- [RECORDS FOR THIS TASK]:
==========

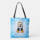 A cute little baby penguin in a winter cap with snowballs and a blue snowflake background Christmas Gift bag. Instead of a stocking you can only use once a year, get a tote bag they can use throughout the year!
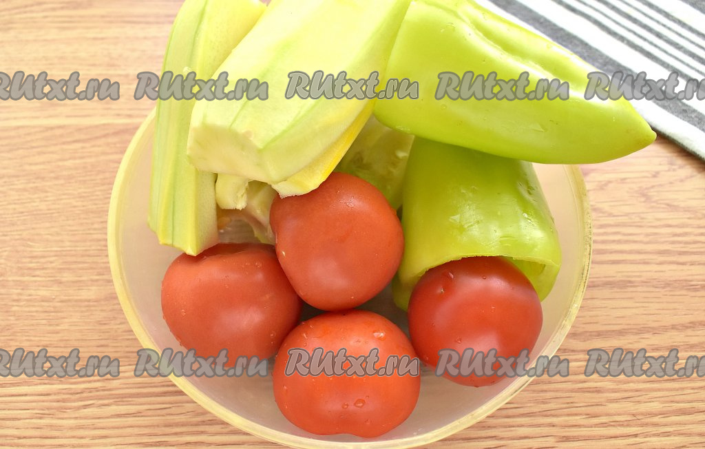 Промываем помидоры, вырезая плодоножку. Очищаем от семян болгарский перец, ополаскиваем. С кабачков срезаем кожуру. Если семечки в кабачке крупные, их тоже нужно удалить.
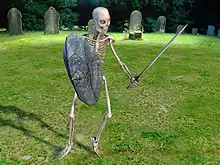 Animated human skeletons have been used as a personification of death in Western culture since the Middle Ages, a personification perhaps influenced by the valley of the dry bones in the Book of Ezekiel.[1] The Grim Reaper is often depicted as a hooded skeleton holding a scythe (and occasionally an hourglass), which has been attributed to Hans Holbein the Younger (1538).[2] Death as one of the biblical horsemen of the Apocalypse has been depicted as a skeleton riding a horse. The Triumph of Death is a 1562 painting by Pieter Bruegel the Elder depicting an army of skeletons raiding a town and slaughtering its occupants.[3]
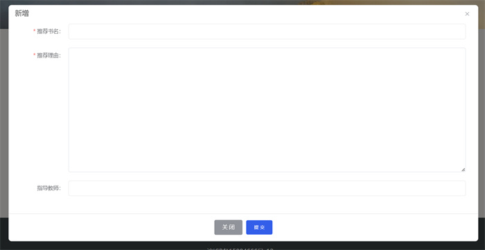 8.用户若需要投稿读书与荐书活动,选择“读书荐书”菜单,点击“我要投稿”新增作品,输入作品标题和作品内容后点击提交,指导教师为非必填项。提交后用户也可随时点击操作按钮进行作品查看、修改或删除
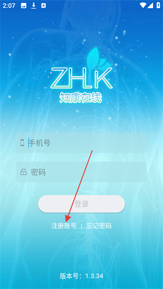 1、打开知康在线APP,在登录界面点击注册账号选项。
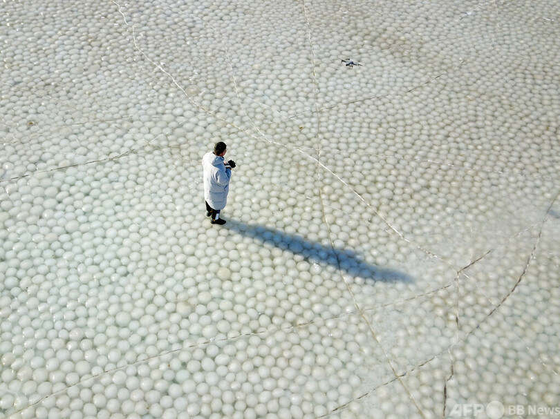 【3月5日 CNS】中国東北部の吉林省(Jilin)洮南市(Taonan)にある四海湖で、凍った湖の下に直径20センチほどの球状の氷が出現している。
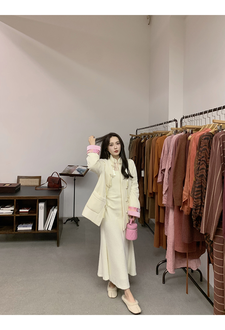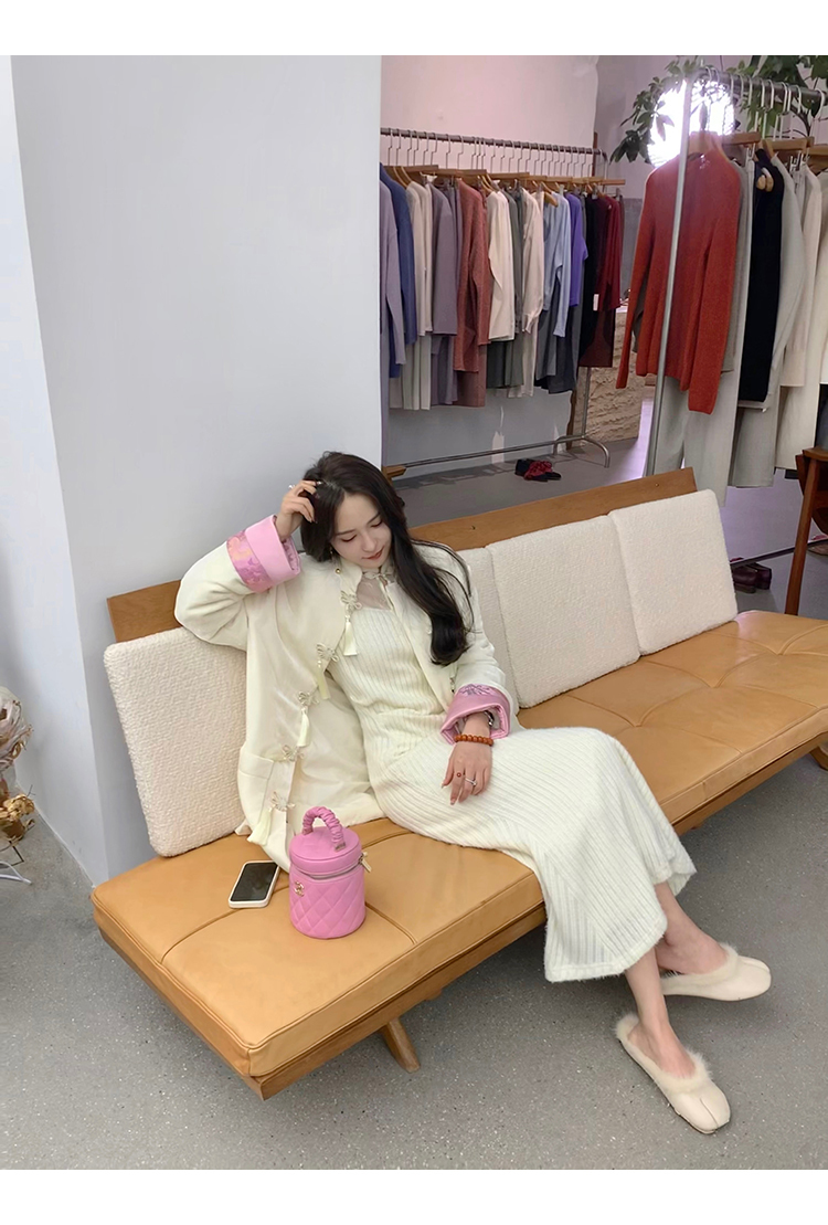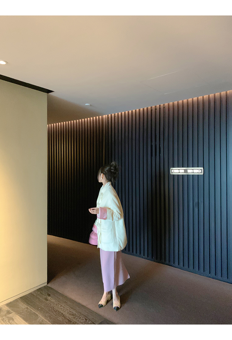 領型設計中式小立領,領口弧度乾淨流暢,展現東方雅韻
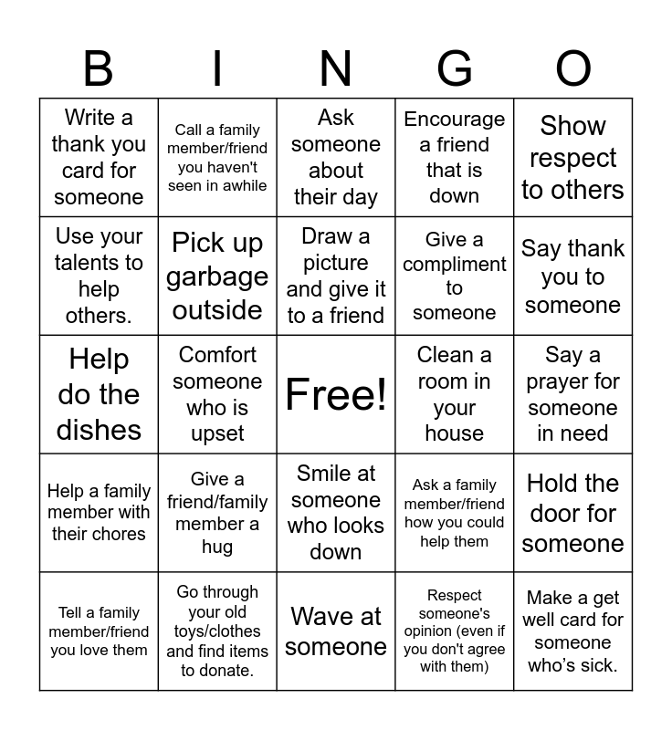 This bingo card has a free space and 24 words: Give a friend/family member a hug, Go through your old toys/clothes and find items to donate., Draw a picture and give it to a friend, Tell a family member/friend you love them, Show respect to others, Write a thank you card for someone, Use your talents to help others., Call a family member/friend you haven't seen in awhile, Clean a room in your house, Smile at someone who looks down, Give a compliment to someone, Help do the dishes, Ask a family member/friend how you could help them, Hold the door for someone, Pick up garbage outside, Respect someone's opinion (even if you don't agree with them), Say a prayer for someone in need, Ask someone about their day, Say thank you to someone, Comfort someone who is upset, Make a get well card for someone who’s sick., Help a family member with their chores, Encourage a friend that is down and Wave at someone.
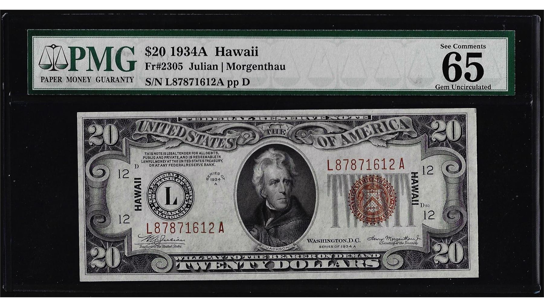 One 1934A $20 Hawaii WWII Emergency Issue Federal Reserve Note PMG Gem Uncirculated 65EPQ. PMG Certified.

==========

- [EXERCISE BRIEF]:
Please print the lines from the one holding "1、打开知康在线APP,在登录界面点击注册账号选项。" through the end of the records above, unchanged and with the pictures left out.

- [ANSWER SPACE]:
 1、打开知康在线APP,在登录界面点击注册账号选项。
 【3月5日 CNS】中国東北部の吉林省(Jilin)洮南市(Taonan)にある四海湖で、凍った湖の下に直径20センチほどの球状の氷が出現している。
 領型設計中式小立領,領口弧度乾淨流暢,展現東方雅韻
 This bingo card has a free space and 24 words: Give a friend/family member a hug, Go through your old toys/clothes and find items to donate., Draw a picture and give it to a friend, Tell a family member/friend you love them, Show respect to others, Write a thank you card for someone, Use your talents to help others., Call a family member/friend you haven't seen in awhile, Clean a room in your house, Smile at someone who looks down, Give a compliment to someone, Help do the dishes, Ask a family member/friend how you could help them, Hold the door for someone, Pick up garbage outside, Respect someone's opinion (even if you don't agree with them), Say a prayer for someone in need, Ask someone about their day, Say thank you to someone, Comfort someone who is upset, Make a get well card for someone who’s sick., Help a family member with their chores, Encourage a friend that is down and Wave at someone.
 One 1934A $20 Hawaii WWII Emergency Issue Federal Reserve Note PMG Gem Uncirculated 65EPQ. PMG Certified.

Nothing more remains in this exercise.